Top of DATA SHOWN

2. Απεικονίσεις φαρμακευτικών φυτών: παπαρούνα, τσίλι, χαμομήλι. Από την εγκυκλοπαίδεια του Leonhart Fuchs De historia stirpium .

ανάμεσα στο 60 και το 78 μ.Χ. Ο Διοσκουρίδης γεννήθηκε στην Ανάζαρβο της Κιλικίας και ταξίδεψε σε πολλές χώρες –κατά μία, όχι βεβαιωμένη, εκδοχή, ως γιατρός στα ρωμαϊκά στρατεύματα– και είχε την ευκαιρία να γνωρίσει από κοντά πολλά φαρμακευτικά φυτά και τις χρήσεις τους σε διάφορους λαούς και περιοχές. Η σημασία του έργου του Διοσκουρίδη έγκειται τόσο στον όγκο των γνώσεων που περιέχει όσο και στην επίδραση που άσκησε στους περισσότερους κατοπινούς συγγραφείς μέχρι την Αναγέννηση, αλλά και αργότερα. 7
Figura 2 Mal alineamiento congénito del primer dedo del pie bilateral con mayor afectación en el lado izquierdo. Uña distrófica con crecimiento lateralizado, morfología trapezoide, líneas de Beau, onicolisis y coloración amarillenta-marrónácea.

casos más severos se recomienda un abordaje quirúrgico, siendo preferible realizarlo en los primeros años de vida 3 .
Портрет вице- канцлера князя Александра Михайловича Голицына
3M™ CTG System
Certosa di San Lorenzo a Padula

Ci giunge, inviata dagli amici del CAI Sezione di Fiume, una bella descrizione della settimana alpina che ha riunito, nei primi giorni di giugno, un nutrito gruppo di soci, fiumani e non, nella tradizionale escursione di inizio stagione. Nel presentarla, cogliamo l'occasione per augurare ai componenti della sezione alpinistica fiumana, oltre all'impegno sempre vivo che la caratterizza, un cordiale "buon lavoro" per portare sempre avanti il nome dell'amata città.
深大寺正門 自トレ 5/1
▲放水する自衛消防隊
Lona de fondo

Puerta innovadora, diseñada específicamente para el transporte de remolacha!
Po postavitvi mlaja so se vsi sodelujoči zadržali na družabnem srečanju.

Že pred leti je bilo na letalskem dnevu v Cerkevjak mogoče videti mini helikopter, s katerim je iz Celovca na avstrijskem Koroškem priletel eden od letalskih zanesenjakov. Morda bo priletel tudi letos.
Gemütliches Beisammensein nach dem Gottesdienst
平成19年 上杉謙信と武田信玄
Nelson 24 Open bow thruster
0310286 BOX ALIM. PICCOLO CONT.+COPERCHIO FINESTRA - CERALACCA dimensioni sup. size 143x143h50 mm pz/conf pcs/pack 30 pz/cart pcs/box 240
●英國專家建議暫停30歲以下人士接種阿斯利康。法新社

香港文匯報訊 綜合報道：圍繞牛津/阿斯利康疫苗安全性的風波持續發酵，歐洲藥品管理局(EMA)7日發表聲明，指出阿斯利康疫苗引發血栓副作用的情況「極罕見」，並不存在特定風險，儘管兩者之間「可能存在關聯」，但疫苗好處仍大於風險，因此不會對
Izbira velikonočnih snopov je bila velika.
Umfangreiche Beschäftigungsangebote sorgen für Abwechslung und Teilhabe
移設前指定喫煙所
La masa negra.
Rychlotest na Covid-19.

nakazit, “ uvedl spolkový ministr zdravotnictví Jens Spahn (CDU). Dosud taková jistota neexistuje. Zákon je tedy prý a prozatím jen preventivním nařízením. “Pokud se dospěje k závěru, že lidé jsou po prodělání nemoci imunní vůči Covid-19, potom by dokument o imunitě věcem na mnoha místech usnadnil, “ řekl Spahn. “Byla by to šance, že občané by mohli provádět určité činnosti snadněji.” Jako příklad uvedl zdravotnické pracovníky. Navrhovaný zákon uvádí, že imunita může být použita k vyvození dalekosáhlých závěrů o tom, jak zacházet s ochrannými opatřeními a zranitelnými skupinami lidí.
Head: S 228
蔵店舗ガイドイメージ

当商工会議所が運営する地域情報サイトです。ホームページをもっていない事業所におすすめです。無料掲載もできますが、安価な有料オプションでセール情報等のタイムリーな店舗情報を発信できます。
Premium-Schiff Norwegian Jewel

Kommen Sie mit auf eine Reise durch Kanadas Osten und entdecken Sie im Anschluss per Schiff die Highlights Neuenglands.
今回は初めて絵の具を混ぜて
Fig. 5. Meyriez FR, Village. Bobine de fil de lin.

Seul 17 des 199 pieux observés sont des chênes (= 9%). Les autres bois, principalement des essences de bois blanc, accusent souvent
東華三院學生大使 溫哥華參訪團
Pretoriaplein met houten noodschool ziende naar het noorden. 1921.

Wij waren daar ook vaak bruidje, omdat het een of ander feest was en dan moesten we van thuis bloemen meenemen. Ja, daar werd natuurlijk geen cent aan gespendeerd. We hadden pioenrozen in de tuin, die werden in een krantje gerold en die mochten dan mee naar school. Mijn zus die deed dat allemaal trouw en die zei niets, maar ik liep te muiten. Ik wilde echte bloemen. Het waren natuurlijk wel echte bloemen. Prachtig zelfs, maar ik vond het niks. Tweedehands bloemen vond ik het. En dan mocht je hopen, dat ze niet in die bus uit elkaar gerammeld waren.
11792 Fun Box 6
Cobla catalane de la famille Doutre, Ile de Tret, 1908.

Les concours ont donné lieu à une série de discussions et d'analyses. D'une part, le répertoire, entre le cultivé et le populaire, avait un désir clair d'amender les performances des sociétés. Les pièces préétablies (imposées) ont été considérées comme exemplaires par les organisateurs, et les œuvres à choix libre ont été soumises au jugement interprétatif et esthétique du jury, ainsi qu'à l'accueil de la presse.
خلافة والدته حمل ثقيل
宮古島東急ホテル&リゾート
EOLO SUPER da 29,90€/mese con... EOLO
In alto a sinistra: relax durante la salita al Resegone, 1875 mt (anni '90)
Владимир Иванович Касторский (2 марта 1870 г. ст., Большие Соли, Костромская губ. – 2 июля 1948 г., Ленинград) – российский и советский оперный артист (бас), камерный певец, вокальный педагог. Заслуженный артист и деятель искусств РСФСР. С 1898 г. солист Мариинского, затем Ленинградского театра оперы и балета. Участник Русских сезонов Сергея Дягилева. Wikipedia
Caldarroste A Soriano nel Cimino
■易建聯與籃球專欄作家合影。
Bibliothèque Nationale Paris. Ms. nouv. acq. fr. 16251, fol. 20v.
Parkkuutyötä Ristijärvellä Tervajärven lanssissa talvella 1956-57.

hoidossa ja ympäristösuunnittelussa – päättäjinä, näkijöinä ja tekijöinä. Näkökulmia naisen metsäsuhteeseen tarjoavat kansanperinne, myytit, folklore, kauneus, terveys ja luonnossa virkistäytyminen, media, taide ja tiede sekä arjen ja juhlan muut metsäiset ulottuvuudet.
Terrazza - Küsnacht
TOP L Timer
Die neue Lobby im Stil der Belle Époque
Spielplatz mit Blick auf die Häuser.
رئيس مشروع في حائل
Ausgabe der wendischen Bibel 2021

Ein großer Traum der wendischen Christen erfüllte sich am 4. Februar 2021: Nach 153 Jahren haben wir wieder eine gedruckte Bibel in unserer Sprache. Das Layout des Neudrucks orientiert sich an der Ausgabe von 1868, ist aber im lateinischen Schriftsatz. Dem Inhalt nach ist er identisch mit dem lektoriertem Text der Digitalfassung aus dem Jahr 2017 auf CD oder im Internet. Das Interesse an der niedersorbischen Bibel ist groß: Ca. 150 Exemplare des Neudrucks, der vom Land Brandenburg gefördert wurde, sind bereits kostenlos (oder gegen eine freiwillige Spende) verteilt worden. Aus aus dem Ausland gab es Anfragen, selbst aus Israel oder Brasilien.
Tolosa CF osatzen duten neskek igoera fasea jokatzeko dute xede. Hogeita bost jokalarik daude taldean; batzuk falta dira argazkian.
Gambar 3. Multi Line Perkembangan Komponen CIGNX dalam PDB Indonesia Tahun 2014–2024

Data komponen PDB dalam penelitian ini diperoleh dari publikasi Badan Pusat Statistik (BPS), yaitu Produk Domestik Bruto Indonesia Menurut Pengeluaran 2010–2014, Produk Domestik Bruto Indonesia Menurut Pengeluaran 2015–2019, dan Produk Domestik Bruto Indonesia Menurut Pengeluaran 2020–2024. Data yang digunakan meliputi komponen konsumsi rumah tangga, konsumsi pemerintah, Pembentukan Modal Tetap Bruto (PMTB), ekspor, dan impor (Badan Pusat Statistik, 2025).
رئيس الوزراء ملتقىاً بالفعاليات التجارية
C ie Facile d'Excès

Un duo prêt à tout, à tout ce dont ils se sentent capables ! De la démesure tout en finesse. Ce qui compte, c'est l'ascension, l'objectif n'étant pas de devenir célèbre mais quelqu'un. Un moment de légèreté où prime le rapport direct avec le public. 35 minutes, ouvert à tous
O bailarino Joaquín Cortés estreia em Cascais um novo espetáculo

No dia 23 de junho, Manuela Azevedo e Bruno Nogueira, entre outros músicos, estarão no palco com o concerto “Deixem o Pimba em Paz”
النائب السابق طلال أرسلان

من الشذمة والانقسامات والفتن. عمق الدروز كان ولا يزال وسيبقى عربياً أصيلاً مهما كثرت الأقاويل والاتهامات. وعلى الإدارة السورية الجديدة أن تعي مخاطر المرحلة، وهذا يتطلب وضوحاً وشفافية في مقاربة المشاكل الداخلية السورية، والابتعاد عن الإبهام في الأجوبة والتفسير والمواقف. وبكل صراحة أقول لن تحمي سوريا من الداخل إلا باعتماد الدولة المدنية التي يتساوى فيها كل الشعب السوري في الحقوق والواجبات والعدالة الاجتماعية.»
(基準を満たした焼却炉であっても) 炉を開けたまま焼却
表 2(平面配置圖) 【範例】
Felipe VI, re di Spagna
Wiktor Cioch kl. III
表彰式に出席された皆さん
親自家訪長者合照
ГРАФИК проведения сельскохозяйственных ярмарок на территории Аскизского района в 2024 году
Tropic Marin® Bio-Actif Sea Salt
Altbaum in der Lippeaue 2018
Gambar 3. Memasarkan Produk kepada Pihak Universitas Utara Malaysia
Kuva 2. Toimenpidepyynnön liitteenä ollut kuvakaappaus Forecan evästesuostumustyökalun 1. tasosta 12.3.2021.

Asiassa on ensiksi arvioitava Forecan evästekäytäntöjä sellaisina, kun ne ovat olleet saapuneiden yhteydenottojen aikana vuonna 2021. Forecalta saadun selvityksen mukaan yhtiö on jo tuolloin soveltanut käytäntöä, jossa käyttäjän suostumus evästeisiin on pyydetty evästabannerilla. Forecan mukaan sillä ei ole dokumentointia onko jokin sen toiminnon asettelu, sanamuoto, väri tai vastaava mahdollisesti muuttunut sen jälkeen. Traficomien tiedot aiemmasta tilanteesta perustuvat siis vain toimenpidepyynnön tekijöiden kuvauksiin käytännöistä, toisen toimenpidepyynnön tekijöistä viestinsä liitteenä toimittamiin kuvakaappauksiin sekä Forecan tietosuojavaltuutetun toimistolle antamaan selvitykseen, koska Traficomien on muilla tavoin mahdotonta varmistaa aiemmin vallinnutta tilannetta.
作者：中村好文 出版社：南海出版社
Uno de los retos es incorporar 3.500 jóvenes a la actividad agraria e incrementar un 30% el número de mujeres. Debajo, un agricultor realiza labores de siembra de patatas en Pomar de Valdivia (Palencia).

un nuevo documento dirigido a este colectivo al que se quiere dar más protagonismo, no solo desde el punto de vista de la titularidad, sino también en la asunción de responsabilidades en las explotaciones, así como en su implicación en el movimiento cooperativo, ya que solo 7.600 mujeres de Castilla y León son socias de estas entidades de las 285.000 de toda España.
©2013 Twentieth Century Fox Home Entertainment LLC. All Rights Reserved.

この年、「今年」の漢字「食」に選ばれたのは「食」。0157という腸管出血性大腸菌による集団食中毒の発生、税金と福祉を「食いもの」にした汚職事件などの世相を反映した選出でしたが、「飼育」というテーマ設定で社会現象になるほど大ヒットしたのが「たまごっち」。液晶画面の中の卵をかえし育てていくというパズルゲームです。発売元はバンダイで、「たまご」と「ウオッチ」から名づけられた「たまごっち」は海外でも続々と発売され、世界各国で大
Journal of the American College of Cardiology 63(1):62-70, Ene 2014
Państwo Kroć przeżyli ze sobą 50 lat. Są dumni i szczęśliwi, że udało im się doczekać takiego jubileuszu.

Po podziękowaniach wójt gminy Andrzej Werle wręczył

Bottom of DATA SHOWN

-- WHAT IS EXPECTED --
Report the lines above that contain "Gambar".

-- REPLY --
Gambar 3. Multi Line Perkembangan Komponen CIGNX dalam PDB Indonesia Tahun 2014–2024
Gambar 3. Memasarkan Produk kepada Pihak Universitas Utara Malaysia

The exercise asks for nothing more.